Something the Lord taught me today…

You know when you feel bad about something and want to repent and get it off your shoulders, but you feel like the shame is too much and that repenting isn’t enough?  That happened to me today.  My temper had got the better of me and I had made a hurtful comment.  But then a thought about the nature of repentance flashed across my mind, and I found myself praying, “Lord, put my shame for that on Jesus”.  Immediately, I was utterly disgusted that I had even dreamt of praying that.  I envisaged Jesus carrying his cross, stumbling along in agony, covered in blood from tip to toe.  How could I dare to pray such a thing against my Lord and Saviour who died for me, when I had no right to walk away Scot-free for saying such a horrid thing?  I should be the one feeling ashamed here, not the sinless Saviour who died for me!

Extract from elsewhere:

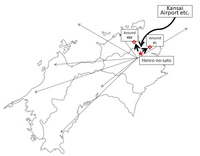 ※累積距離は、第1番札所霊山寺からの最短ルート上の換算距離になります。

Then I realised.  That’s precisely what Jesus came to do.  The scars, the blood, the agony, Jesus went through it all so that I wouldn’t have to be held responsible for that horrid comment I made today.  In fact, you could say that it was because of that horrible comment that he had to go through it.  Let’s forget ‘churchy’ language and niceties here. “Jesus paid it all, all to him I owe; sin had left a crimson stain, he washed it white as snow” is all very well.  But what it means is that I can pray “Lord, put the blame for that horrible comment I made today on your blameless son Jesus whom I killed” and walk away knowing that I’ve been made innocent.  It’s scandalous.  It makes my stomach churn just thinking about it.
And it’s made me never want to sin ever, ever again.

I know that I will sin, and that Christ’s blood will cover it.  But just as the scandalous nature of God’s love prompted me to  cry out, “No! I don’t want Jesus to take my shame!” before remembering that the reality of Jesus’ suffering is God’s overwhelming love for a guilty humanity that doesn’t deserve to have its sentence waived, in the same way I hope that it will make sin seem ever-repugnant in times of temptation.